In this case, both of the defendants’ attorneys received copies of the essential pleadings that led to the default judgment. Because a lawyer’s neglect of a case is chargeable to the client, a client seeking relief on the ground of excusable neglect must justify his own failure to avoid the neglect. See Laurel Bank & Trust v. Burns, 398 A.2d 41, 44-45 (Me.1979); Pederson v. Cole, 501 A.2d 23, 25 (Me.1985). There was scant evidence in this record that the defendants had monitored the progression of this case. The defendants offer no explanation of why neither their other attorney nor they themselves were able to prevent the claimed neglect of their case. Although Paul Brouillard had contacted Allen prior to the request for a default to inform her of her attorneys’ indifference concerning the case, there was no evidence that any of the defendants attempted to investigate the conduct of the case. On this record, we find no abuse of the trial court’s discretion by its denial of the defendants’ motion for relief from the judgment.

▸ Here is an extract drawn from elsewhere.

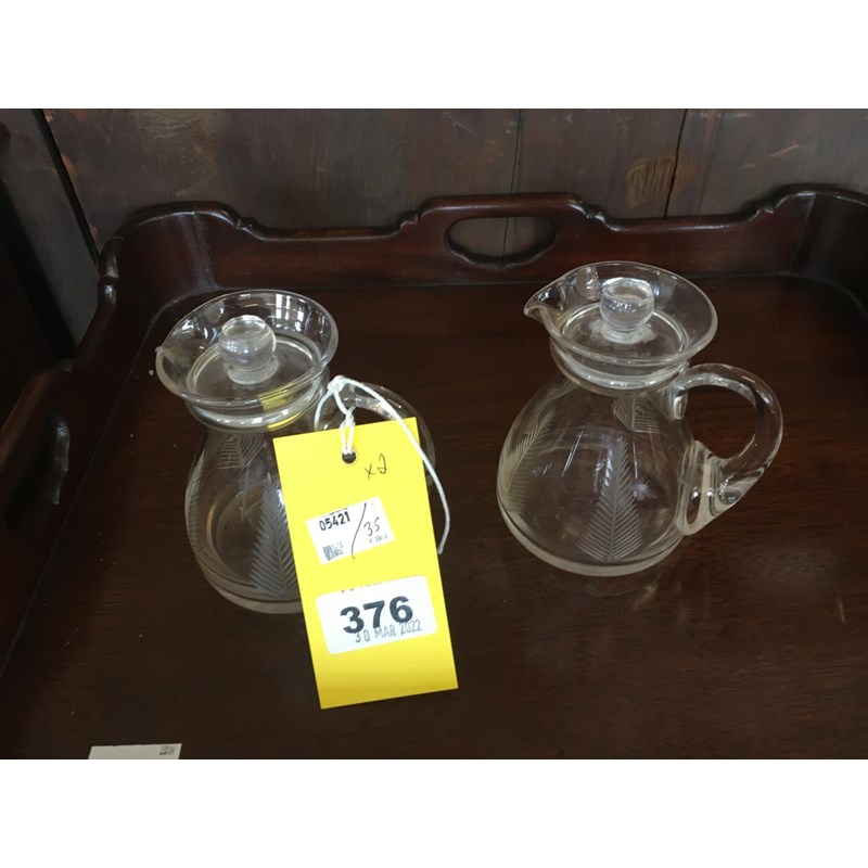 Pair of Etched Glass Whiskey Flasks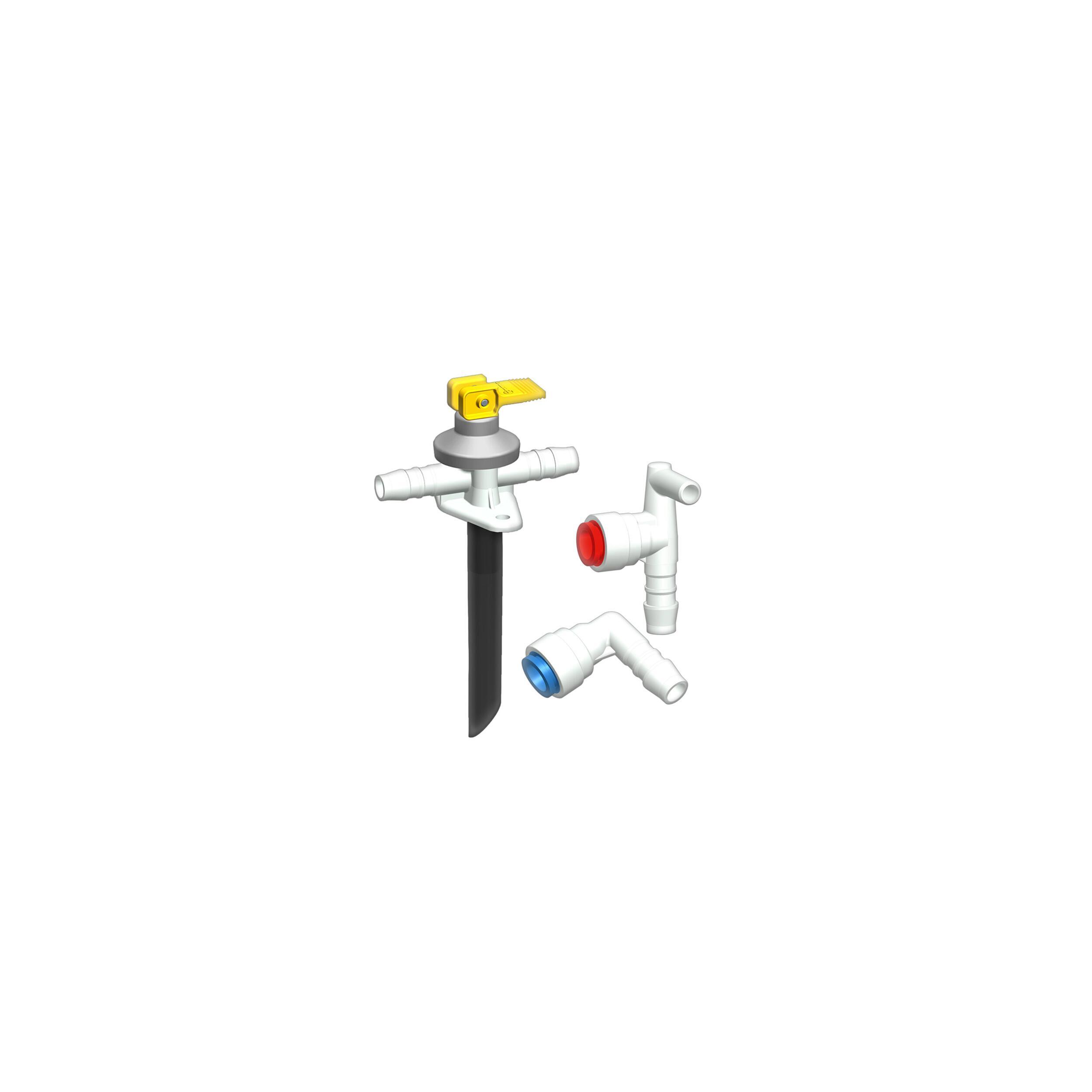 Soupape de vidange et raccords coudés pour pose de tubes rigides diam. 12mm (système Jon Guest)

*991 We do not agree with Allen’s contention that the evidence is insufficient to support the trial court’s finding as to the damages suffered by the Brouillards. Damages for the breach of a contract for the sale of real property equal the difference between the unpaid purchase price of the property and its fair market value at the time of the breach. Forbes v. Wells Beach Casino, Inc., 409 A.2d 646, 654 (Me.1979). On the entry of default, the allegations contained in the complaint operate as findings of fact. Id. at 652. “Findings of facts made by the presiding justice will be set aside only if clearly erroneous.” Leadbetter v. Morse, 510 A.2d 524, 526 (Me.1986).

The parties agree that the purchase price for the property was $925,000 of which $770,000 remained unpaid. Allen, however, challenges the trial court’s finding that the property’s fair market value at the time of the breach was $1,500,000. The court had before it two appraisals of the property performed by John E. Pervear: the first, performed in March 1988, valued the property at $1,000,000; the second, performed in August 1990, valued the property at $1,500,000, with the increase attributed to the improvements made by the Brouillards. Allen argues that the breach occurred on July 1, 1989, and accordingly, the March 1988 appraisal accurately reflects the value of the property at that time. Based on the Brouillards’ pleadings and the evidence before it, the trial court rationally could find that Allen did not breach the contract on July 1, 1989, but that the breach had occurred when the Brouillards were informed that Allen would terminate their rights on November 1, 1990, and thus the August 1990 appraisal more accurately reflected the fair market value of the property at the time of the breach.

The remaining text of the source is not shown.